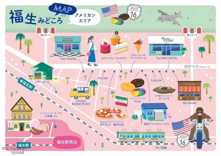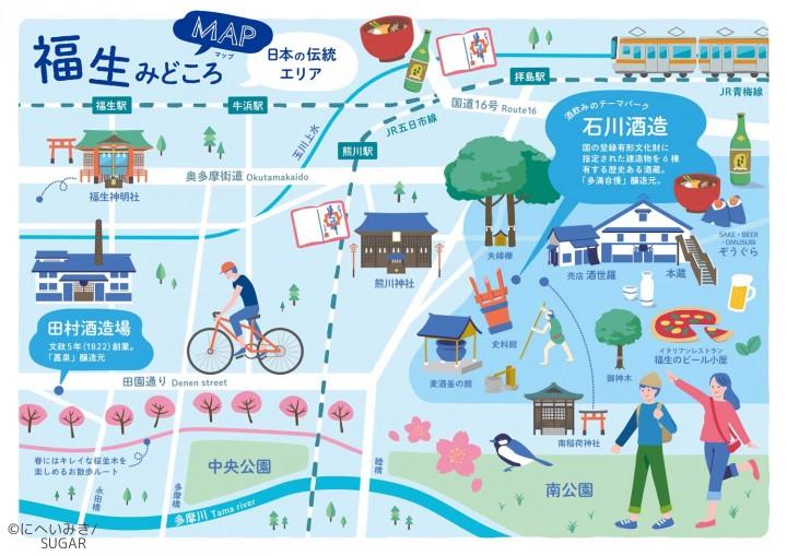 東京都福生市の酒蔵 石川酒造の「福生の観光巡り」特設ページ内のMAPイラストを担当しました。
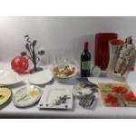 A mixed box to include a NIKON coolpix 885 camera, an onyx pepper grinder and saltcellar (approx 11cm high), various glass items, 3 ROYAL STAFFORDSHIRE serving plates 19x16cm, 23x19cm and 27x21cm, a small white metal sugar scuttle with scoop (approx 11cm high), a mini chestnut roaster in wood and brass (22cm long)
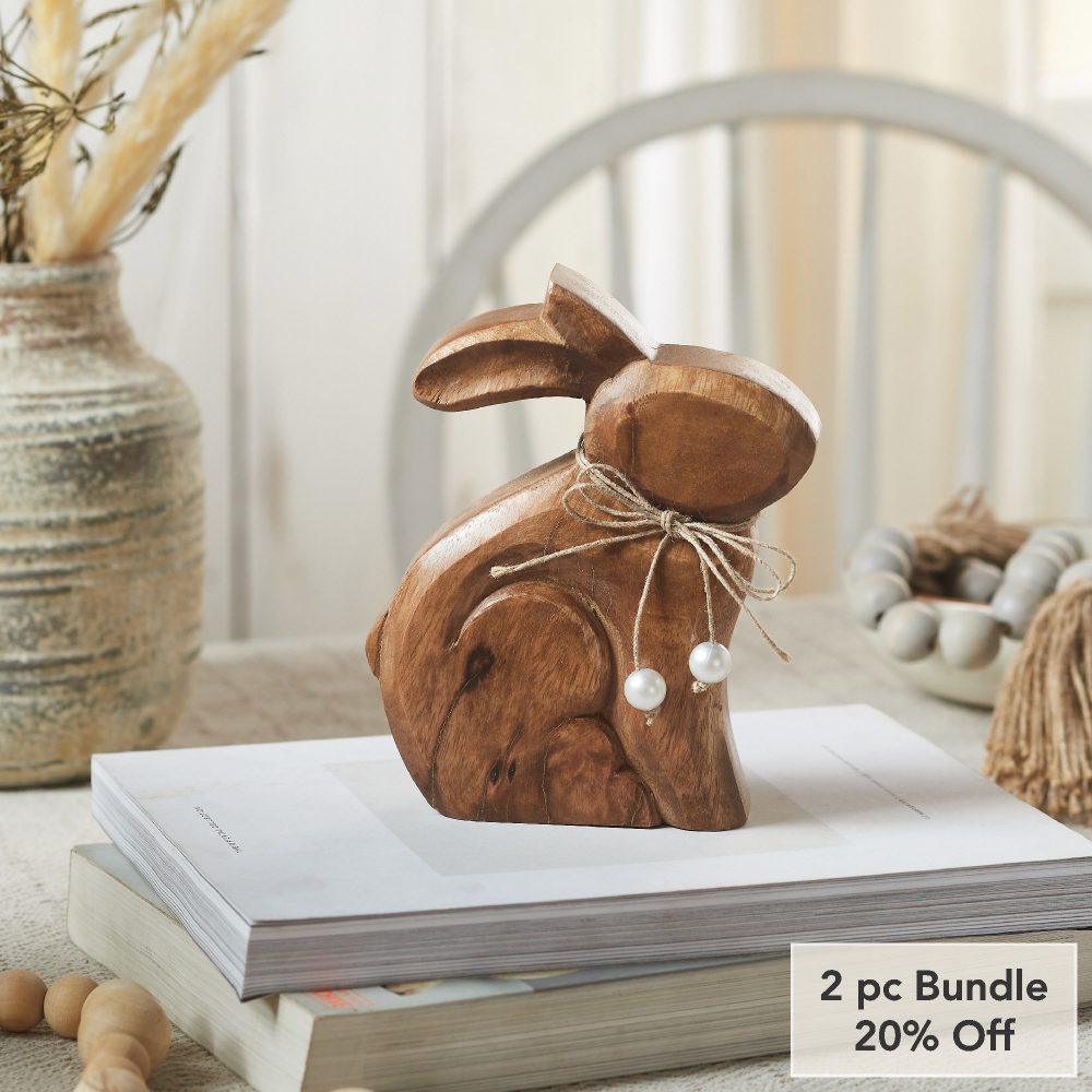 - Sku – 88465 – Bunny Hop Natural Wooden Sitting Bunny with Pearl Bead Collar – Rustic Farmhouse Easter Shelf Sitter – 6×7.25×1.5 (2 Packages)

········

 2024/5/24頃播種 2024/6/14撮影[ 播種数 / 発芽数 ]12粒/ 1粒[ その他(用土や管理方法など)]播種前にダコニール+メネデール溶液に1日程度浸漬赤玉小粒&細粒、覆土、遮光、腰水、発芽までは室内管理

········

YOUR GOAL: From the data above, return exactly the lines from the one with "東京都福生市の酒蔵 石川酒造" up to and including the one with "- Sku – 88465". Pictures do not go in the copy.

OUTPUT OF THE TASK:
 東京都福生市の酒蔵 石川酒造の「福生の観光巡り」特設ページ内のMAPイラストを担当しました。
 A mixed box to include a NIKON coolpix 885 camera, an onyx pepper grinder and saltcellar (approx 11cm high), various glass items, 3 ROYAL STAFFORDSHIRE serving plates 19x16cm, 23x19cm and 27x21cm, a small white metal sugar scuttle with scoop (approx 11cm high), a mini chestnut roaster in wood and brass (22cm long)
 - Sku – 88465 – Bunny Hop Natural Wooden Sitting Bunny with Pearl Bead Collar – Rustic Farmhouse Easter Shelf Sitter – 6×7.25×1.5 (2 Packages)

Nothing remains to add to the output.